PNC Bank, N.A. v. Wilkins (In re Wilkins)

OPINION AND ORDER1

JOHN J. THOMAS, Bankruptcy Judge.

The Debtors filed a Joint Motion to Quash Subpoena Duces Tecum directed to the custodian of records of the law firm of Fellheimer, Eichen, Braverman & Kaskey claiming that a certain internal Memorandum dated June 7, 1991 should not be subject to discovery because the document falls within the definition of a privileged document under both the attorney-client privilege and work-product privilege. The Plaintiffs position is succinctly summarized by the following premise. Regardless of whether the document falls within either of the two stated privileges, it nonetheless remains subject to discovery because it comports with the crime-fraud exception as recited in Clark v. United States, 289 U.S. 1, 53 S.Ct. 465, 77 L.Ed. 993 (1933). Furthermore, in rendering a decision as to whether or not the crime-fraud exception applies, this Court may conduct an in-camera review of the document as permitted by the dictates of United States v. Zolin, 491 U.S. 554, 109 S.Ct. 2619, 105 L.Ed.2d 469 (1989) and Haines v. Liggett Group, Inc., 975 F.2d 81 (3rd Cir.1992).

Following oral argument on the Motion to Quash and for Protective Order, the Court, by Order dated May 14, 1997, required the law firm of Fellheimer, Eichen, Braverman & Kaskey to turn the document over to the Court under seal. The Order further specified the Court would view the document, in-camera, to determine whether it fell within the work-product and/or attorney-client privilege. If the document failed to qualify under either of those privileges, the Court would order turnover of the document. Alternatively, if the document did qualify under either privilege, then the Court would consider whether the opponent of the privilege met its burden in convincing this Court to revisit the document and determine whether the crime-fraud exception applied.

The preliminary issue is whether the document falls within the . attorney-client privilege or the work-product doctrine. The Court finds that it falls within the work-product doctrine as that doctrine was described in the seminal case of Hickman v. Taylor, 4 F.R.D. 479 (E.D.Pa.1945), rev’d 153 F.2d 212 (3rd Cir.1945), cert. denied 327 U.S. 808, 66 S.Ct. 961, 90 L.Ed. 1032 (1946). Therefore, the document is not subject to disclosure under the discovery rules unless the Plaintiff can prove that the crime-fraud *9exception applies. A successful effort would lift the prohibition against discovery.

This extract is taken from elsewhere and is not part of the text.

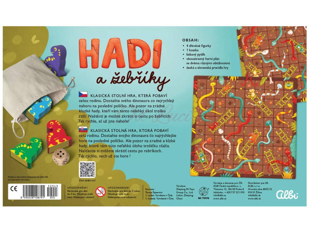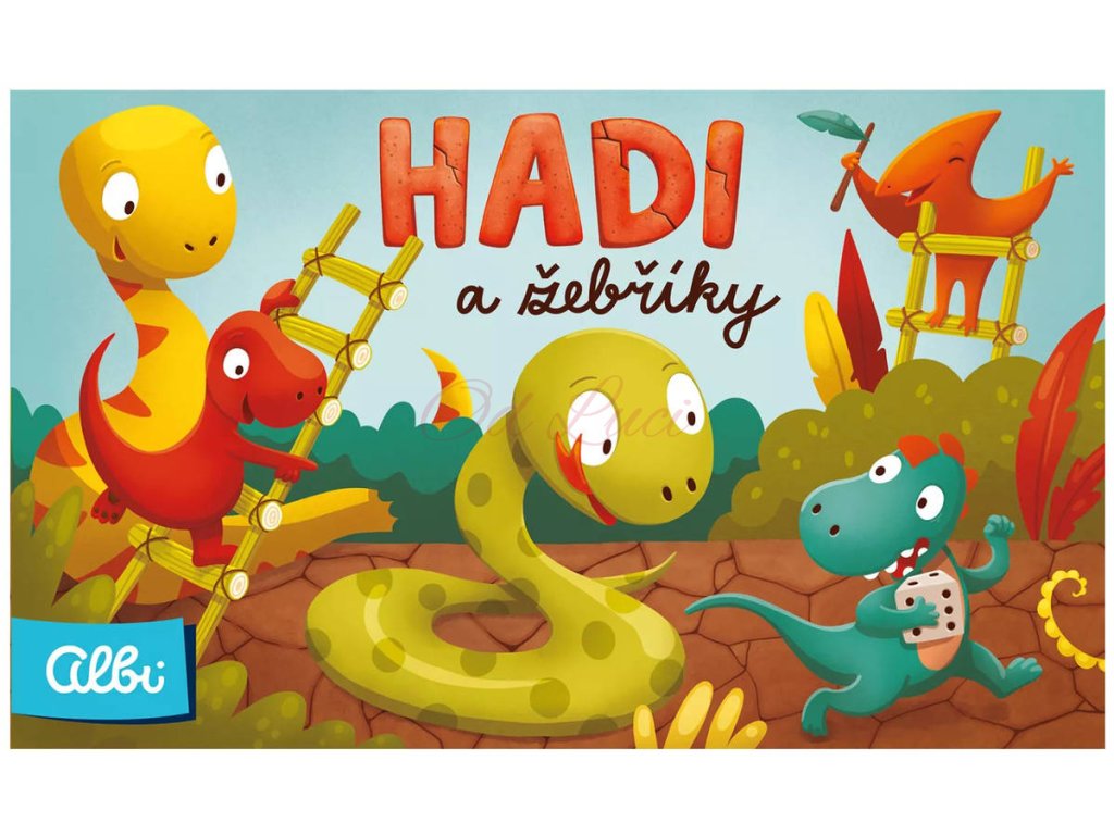 Klasická stolní hra, která zabaví děti i rodiče. Dostaňte svého dinosaura co nejrychleji nahoru na poslední políčko. Ale pozor na zrádné a kluzké hady, kteří vám tento nelehký úkol trošku ztíží. Naštěstí je možné zkrátit si cestu po žebřících. Roztomilé ilustrace, dřevěné figurky dinosaurů, oboustranný herní plán a jednoduchá pravidla zaručí zábavu pro malé děti od 4 let.

The burden placed on the opponent of the privilege is presented in Zolin, 491 U.S. at 572, 109 S.Ct. at 2630-31, which provides as follows:

In fashioning a standard for determining when in- camera review is appropriate, we begin with the observation that “in-camera inspection ... is a smaller intrusion upon the confidentiality of the attorney-client relationship than is public disclosure.” Fried, Too High a Price for Truth: The Exception to the Attorney-Client Privilege for Contemplated Crimes and Frauds, 64 N.C.L.Rev. 443, 467 (1986). We therefore conclude that a lesser evidentiary showing is needed to trigger in-camera review than is required ultimately to overcome the privilege. Ibid. The threshold we set, in other words, need not be a stringent one.
We think that the following standard strikes the correct balance. 3efore engaging in in-camera review to determine the applicability of the crime-fraud exception, “the judge should require a showing of a factual basis adequate to support a good faith belief by a reasonable person,” Caldwell v. District Court, 644 P.2d 26, 33 (Colo.1982), that in-camera review of the materials may reveal evidence to establish the claim that the crime-fraud exception applies.

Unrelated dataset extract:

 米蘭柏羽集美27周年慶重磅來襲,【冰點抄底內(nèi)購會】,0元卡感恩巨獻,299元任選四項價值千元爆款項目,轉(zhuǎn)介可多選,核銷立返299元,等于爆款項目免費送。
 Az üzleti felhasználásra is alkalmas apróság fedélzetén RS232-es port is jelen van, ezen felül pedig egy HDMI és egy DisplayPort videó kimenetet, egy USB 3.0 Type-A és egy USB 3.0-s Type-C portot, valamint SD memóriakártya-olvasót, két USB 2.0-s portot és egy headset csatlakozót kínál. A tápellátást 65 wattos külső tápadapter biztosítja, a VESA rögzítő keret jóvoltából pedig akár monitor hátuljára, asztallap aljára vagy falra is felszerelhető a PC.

“It is the purpose of the crime-fraud exception to the attorney-client privilege to assure that the ‘seal of secrecy,’ ibid., between lawyer and client does not extend to communications ‘made for the purpose of getting advice for the commission of a fraud’ or crime.” Zolin, 491 U.S. at 563, 109 S.Ct. at 2626, citing Clark v. United States, 289 U.S. 1, 15, 53 S.Ct. 465, 469, 77 L.Ed. 993 (1933) and O’Rourke v. Darbishire, [1920] A.C. 581,604 (P.C.).

The burden established by the Zolin court is not a stringent one and requires the Court to focus on possibilities rather than probabilities. Did the opponent of the privilege present a quantum of evidence to show a factual basis to support a good faith belief by a reasonable person that the in-eamera review of the materials may reveal evidence to establish that the claim of crime-fraud exception applies?

The Complaint involves allegations by the Plaintiff that the Defendants/Debtors made misrepresentations to the Plaintiff to obtain millions of dollars in unsecured loans. Additionally, Plaintiff alleges many transfers were made by the Defendants during the year prior to the filing of their bankruptcy petitions with the intention to hinder, delay and/or defraud the Plaintiff and other creditors. Plaintiff argues that the Debtors testified at a § 341 hearing that they did not seek bankruptcy counsel until July of 1991 when the Memorandum in question dated June of 1991 indicates otherwise. Furthermore, contemporaneous with the issuance of the Memorandum in question, the Debtors, in June of 1991, began transferring substantial funds through the time of the filing of the petition. In support of those arguments, the Bank directed our attention to numerous documents submitted by the Defendants/Debtors as exhibits in opposition to the Bank’s Motion for Summary Judgment. Undoubtedly, a review of the documents in support of the oral argument reflect the transfer of funds from certain of the Debtors’ individual accounts to other accounts held by the Debtors and others. While the Court cautions the parties that it draws no conclusions as to the propriety of the transfers, it has determined that a review of the documents in conjunction with the timing of the visit to the Debtors’ counsel and the date of the Memorandum are sufficient to meet the soft burden imposed by the Zolin court. As a result, the Court will revisit the document, in-camera, to determine whether the crime-fraud exception applies to the document.

Upon a second review of the June 1991 Memorandum, the Court finds that it is not a communication to aid in the purpose of getting advice or giving advice for the commission of a fraud or crime. Therefore, the Plaintiff has failed in its burden of establishing the crime-fraud exception to the work-product doctrine, and the Court will grant the Motion for Protective Order and Motion to Quash the Subpoena as it applies to the *10June 1991 Memorandum to the Morris and Elliot Wilkins files.

. Drafted with the assistance of Richard P. Rogers, Law Clerk.